● **Exercise description**:
Word for word, restate the records that come after this.

[Data entries]
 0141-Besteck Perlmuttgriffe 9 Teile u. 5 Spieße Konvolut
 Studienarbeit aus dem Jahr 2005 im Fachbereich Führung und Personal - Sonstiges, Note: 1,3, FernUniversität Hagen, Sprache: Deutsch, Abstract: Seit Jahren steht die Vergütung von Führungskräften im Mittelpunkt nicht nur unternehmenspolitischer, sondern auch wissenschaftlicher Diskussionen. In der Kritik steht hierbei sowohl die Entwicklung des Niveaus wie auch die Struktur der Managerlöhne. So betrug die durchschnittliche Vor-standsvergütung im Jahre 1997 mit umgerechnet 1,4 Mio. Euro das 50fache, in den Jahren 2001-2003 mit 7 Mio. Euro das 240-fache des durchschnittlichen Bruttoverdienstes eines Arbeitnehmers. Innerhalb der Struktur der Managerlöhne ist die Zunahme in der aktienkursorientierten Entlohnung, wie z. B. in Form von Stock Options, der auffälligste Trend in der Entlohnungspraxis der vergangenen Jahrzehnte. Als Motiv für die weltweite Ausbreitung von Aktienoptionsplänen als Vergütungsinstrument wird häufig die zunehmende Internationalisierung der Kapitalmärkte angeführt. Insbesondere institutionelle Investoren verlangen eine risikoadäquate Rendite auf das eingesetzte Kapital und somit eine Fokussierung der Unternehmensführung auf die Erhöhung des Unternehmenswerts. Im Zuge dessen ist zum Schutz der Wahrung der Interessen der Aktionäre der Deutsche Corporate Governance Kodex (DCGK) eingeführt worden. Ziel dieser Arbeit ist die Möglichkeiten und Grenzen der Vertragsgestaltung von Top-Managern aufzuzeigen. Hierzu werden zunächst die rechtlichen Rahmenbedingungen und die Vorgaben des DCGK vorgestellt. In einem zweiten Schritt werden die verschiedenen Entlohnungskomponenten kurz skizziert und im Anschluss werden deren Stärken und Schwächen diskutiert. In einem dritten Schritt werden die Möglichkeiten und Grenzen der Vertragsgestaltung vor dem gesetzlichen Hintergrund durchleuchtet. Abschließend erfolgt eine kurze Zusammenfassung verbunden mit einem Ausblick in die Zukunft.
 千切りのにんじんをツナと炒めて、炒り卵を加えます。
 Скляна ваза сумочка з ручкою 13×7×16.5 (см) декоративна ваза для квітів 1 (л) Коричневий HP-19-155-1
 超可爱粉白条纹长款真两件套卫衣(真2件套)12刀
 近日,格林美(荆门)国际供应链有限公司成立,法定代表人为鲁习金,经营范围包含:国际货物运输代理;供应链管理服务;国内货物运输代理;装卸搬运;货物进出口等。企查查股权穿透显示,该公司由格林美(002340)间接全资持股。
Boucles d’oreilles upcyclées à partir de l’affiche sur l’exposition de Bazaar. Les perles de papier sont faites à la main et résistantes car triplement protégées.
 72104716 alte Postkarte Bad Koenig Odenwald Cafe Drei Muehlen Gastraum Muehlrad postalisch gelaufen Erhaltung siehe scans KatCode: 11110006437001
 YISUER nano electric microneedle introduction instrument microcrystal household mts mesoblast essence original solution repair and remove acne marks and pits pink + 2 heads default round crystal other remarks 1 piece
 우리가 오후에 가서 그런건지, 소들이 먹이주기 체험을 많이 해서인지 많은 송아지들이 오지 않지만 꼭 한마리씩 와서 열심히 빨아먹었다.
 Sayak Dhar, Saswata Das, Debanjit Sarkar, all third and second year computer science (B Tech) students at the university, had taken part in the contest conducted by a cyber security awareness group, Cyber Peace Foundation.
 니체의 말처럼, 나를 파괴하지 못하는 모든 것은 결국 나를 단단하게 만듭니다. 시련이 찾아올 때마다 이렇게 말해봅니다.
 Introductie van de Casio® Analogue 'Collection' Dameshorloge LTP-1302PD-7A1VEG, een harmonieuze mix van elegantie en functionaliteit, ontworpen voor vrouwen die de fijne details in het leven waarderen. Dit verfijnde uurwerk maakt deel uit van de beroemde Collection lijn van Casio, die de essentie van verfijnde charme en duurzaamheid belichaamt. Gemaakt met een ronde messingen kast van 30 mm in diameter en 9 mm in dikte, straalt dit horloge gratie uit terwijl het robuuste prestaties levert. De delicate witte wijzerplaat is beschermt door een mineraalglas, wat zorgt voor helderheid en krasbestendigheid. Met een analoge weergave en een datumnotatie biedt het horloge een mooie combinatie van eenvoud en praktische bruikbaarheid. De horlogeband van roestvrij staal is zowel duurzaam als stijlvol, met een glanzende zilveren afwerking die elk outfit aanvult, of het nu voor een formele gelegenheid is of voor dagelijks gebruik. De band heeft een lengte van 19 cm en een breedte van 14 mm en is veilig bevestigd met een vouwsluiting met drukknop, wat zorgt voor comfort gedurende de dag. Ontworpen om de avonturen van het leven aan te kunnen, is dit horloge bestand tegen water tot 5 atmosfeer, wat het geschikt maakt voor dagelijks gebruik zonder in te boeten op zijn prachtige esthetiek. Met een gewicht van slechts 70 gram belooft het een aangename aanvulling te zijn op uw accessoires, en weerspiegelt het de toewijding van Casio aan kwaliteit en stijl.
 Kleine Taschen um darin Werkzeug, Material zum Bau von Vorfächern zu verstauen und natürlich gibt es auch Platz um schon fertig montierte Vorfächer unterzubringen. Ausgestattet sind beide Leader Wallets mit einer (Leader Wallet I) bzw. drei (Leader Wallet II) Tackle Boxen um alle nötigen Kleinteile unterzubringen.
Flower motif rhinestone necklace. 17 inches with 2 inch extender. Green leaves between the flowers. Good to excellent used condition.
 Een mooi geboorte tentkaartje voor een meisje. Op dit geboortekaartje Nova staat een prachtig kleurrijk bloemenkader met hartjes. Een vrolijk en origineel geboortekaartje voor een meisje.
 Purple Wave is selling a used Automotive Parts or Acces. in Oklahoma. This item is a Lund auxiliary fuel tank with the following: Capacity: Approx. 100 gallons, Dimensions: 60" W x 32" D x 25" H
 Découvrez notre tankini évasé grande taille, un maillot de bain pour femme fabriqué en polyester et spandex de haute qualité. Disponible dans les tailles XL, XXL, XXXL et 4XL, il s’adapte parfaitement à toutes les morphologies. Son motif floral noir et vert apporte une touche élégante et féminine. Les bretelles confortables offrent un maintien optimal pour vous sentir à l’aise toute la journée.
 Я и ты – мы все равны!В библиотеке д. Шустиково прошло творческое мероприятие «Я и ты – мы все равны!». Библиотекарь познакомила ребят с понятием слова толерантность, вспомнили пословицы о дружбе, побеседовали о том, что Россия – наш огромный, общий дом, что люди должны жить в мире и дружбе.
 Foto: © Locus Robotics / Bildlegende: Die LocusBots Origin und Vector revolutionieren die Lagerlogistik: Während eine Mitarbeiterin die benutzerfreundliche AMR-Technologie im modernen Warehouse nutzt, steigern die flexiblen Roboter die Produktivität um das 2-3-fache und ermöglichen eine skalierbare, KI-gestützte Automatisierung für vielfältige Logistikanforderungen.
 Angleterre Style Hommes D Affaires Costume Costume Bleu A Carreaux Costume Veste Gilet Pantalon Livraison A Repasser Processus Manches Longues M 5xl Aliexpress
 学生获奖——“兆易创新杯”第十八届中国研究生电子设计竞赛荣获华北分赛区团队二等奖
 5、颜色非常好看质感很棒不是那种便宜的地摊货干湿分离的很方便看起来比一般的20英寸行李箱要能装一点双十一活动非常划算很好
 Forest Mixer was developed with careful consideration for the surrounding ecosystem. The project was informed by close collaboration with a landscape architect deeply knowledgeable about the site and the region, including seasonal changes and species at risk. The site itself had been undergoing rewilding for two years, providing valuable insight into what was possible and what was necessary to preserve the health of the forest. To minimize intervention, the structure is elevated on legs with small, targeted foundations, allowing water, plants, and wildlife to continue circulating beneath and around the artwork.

● **Task solution**:
 0141-Besteck Perlmuttgriffe 9 Teile u. 5 Spieße Konvolut
 Studienarbeit aus dem Jahr 2005 im Fachbereich Führung und Personal - Sonstiges, Note: 1,3, FernUniversität Hagen, Sprache: Deutsch, Abstract: Seit Jahren steht die Vergütung von Führungskräften im Mittelpunkt nicht nur unternehmenspolitischer, sondern auch wissenschaftlicher Diskussionen. In der Kritik steht hierbei sowohl die Entwicklung des Niveaus wie auch die Struktur der Managerlöhne. So betrug die durchschnittliche Vor-standsvergütung im Jahre 1997 mit umgerechnet 1,4 Mio. Euro das 50fache, in den Jahren 2001-2003 mit 7 Mio. Euro das 240-fache des durchschnittlichen Bruttoverdienstes eines Arbeitnehmers. Innerhalb der Struktur der Managerlöhne ist die Zunahme in der aktienkursorientierten Entlohnung, wie z. B. in Form von Stock Options, der auffälligste Trend in der Entlohnungspraxis der vergangenen Jahrzehnte. Als Motiv für die weltweite Ausbreitung von Aktienoptionsplänen als Vergütungsinstrument wird häufig die zunehmende Internationalisierung der Kapitalmärkte angeführt. Insbesondere institutionelle Investoren verlangen eine risikoadäquate Rendite auf das eingesetzte Kapital und somit eine Fokussierung der Unternehmensführung auf die Erhöhung des Unternehmenswerts. Im Zuge dessen ist zum Schutz der Wahrung der Interessen der Aktionäre der Deutsche Corporate Governance Kodex (DCGK) eingeführt worden. Ziel dieser Arbeit ist die Möglichkeiten und Grenzen der Vertragsgestaltung von Top-Managern aufzuzeigen. Hierzu werden zunächst die rechtlichen Rahmenbedingungen und die Vorgaben des DCGK vorgestellt. In einem zweiten Schritt werden die verschiedenen Entlohnungskomponenten kurz skizziert und im Anschluss werden deren Stärken und Schwächen diskutiert. In einem dritten Schritt werden die Möglichkeiten und Grenzen der Vertragsgestaltung vor dem gesetzlichen Hintergrund durchleuchtet. Abschließend erfolgt eine kurze Zusammenfassung verbunden mit einem Ausblick in die Zukunft.
 千切りのにんじんをツナと炒めて、炒り卵を加えます。
 Скляна ваза сумочка з ручкою 13×7×16.5 (см) декоративна ваза для квітів 1 (л) Коричневий HP-19-155-1
 超可爱粉白条纹长款真两件套卫衣(真2件套)12刀
 近日,格林美(荆门)国际供应链有限公司成立,法定代表人为鲁习金,经营范围包含:国际货物运输代理;供应链管理服务;国内货物运输代理;装卸搬运;货物进出口等。企查查股权穿透显示,该公司由格林美(002340)间接全资持股。
Boucles d’oreilles upcyclées à partir de l’affiche sur l’exposition de Bazaar. Les perles de papier sont faites à la main et résistantes car triplement protégées.
 72104716 alte Postkarte Bad Koenig Odenwald Cafe Drei Muehlen Gastraum Muehlrad postalisch gelaufen Erhaltung siehe scans KatCode: 11110006437001
 YISUER nano electric microneedle introduction instrument microcrystal household mts mesoblast essence original solution repair and remove acne marks and pits pink + 2 heads default round crystal other remarks 1 piece
 우리가 오후에 가서 그런건지, 소들이 먹이주기 체험을 많이 해서인지 많은 송아지들이 오지 않지만 꼭 한마리씩 와서 열심히 빨아먹었다.
 Sayak Dhar, Saswata Das, Debanjit Sarkar, all third and second year computer science (B Tech) students at the university, had taken part in the contest conducted by a cyber security awareness group, Cyber Peace Foundation.
 니체의 말처럼, 나를 파괴하지 못하는 모든 것은 결국 나를 단단하게 만듭니다. 시련이 찾아올 때마다 이렇게 말해봅니다.
 Introductie van de Casio® Analogue 'Collection' Dameshorloge LTP-1302PD-7A1VEG, een harmonieuze mix van elegantie en functionaliteit, ontworpen voor vrouwen die de fijne details in het leven waarderen. Dit verfijnde uurwerk maakt deel uit van de beroemde Collection lijn van Casio, die de essentie van verfijnde charme en duurzaamheid belichaamt. Gemaakt met een ronde messingen kast van 30 mm in diameter en 9 mm in dikte, straalt dit horloge gratie uit terwijl het robuuste prestaties levert. De delicate witte wijzerplaat is beschermt door een mineraalglas, wat zorgt voor helderheid en krasbestendigheid. Met een analoge weergave en een datumnotatie biedt het horloge een mooie combinatie van eenvoud en praktische bruikbaarheid. De horlogeband van roestvrij staal is zowel duurzaam als stijlvol, met een glanzende zilveren afwerking die elk outfit aanvult, of het nu voor een formele gelegenheid is of voor dagelijks gebruik. De band heeft een lengte van 19 cm en een breedte van 14 mm en is veilig bevestigd met een vouwsluiting met drukknop, wat zorgt voor comfort gedurende de dag. Ontworpen om de avonturen van het leven aan te kunnen, is dit horloge bestand tegen water tot 5 atmosfeer, wat het geschikt maakt voor dagelijks gebruik zonder in te boeten op zijn prachtige esthetiek. Met een gewicht van slechts 70 gram belooft het een aangename aanvulling te zijn op uw accessoires, en weerspiegelt het de toewijding van Casio aan kwaliteit en stijl.
 Kleine Taschen um darin Werkzeug, Material zum Bau von Vorfächern zu verstauen und natürlich gibt es auch Platz um schon fertig montierte Vorfächer unterzubringen. Ausgestattet sind beide Leader Wallets mit einer (Leader Wallet I) bzw. drei (Leader Wallet II) Tackle Boxen um alle nötigen Kleinteile unterzubringen.
Flower motif rhinestone necklace. 17 inches with 2 inch extender. Green leaves between the flowers. Good to excellent used condition.
 Een mooi geboorte tentkaartje voor een meisje. Op dit geboortekaartje Nova staat een prachtig kleurrijk bloemenkader met hartjes. Een vrolijk en origineel geboortekaartje voor een meisje.
 Purple Wave is selling a used Automotive Parts or Acces. in Oklahoma. This item is a Lund auxiliary fuel tank with the following: Capacity: Approx. 100 gallons, Dimensions: 60" W x 32" D x 25" H
 Découvrez notre tankini évasé grande taille, un maillot de bain pour femme fabriqué en polyester et spandex de haute qualité. Disponible dans les tailles XL, XXL, XXXL et 4XL, il s’adapte parfaitement à toutes les morphologies. Son motif floral noir et vert apporte une touche élégante et féminine. Les bretelles confortables offrent un maintien optimal pour vous sentir à l’aise toute la journée.
 Я и ты – мы все равны!В библиотеке д. Шустиково прошло творческое мероприятие «Я и ты – мы все равны!». Библиотекарь познакомила ребят с понятием слова толерантность, вспомнили пословицы о дружбе, побеседовали о том, что Россия – наш огромный, общий дом, что люди должны жить в мире и дружбе.
 Foto: © Locus Robotics / Bildlegende: Die LocusBots Origin und Vector revolutionieren die Lagerlogistik: Während eine Mitarbeiterin die benutzerfreundliche AMR-Technologie im modernen Warehouse nutzt, steigern die flexiblen Roboter die Produktivität um das 2-3-fache und ermöglichen eine skalierbare, KI-gestützte Automatisierung für vielfältige Logistikanforderungen.
 Angleterre Style Hommes D Affaires Costume Costume Bleu A Carreaux Costume Veste Gilet Pantalon Livraison A Repasser Processus Manches Longues M 5xl Aliexpress
 学生获奖——“兆易创新杯”第十八届中国研究生电子设计竞赛荣获华北分赛区团队二等奖
 5、颜色非常好看质感很棒不是那种便宜的地摊货干湿分离的很方便看起来比一般的20英寸行李箱要能装一点双十一活动非常划算很好
 Forest Mixer was developed with careful consideration for the surrounding ecosystem. The project was informed by close collaboration with a landscape architect deeply knowledgeable about the site and the region, including seasonal changes and species at risk. The site itself had been undergoing rewilding for two years, providing valuable insight into what was possible and what was necessary to preserve the health of the forest. To minimize intervention, the structure is elevated on legs with small, targeted foundations, allowing water, plants, and wildlife to continue circulating beneath and around the artwork.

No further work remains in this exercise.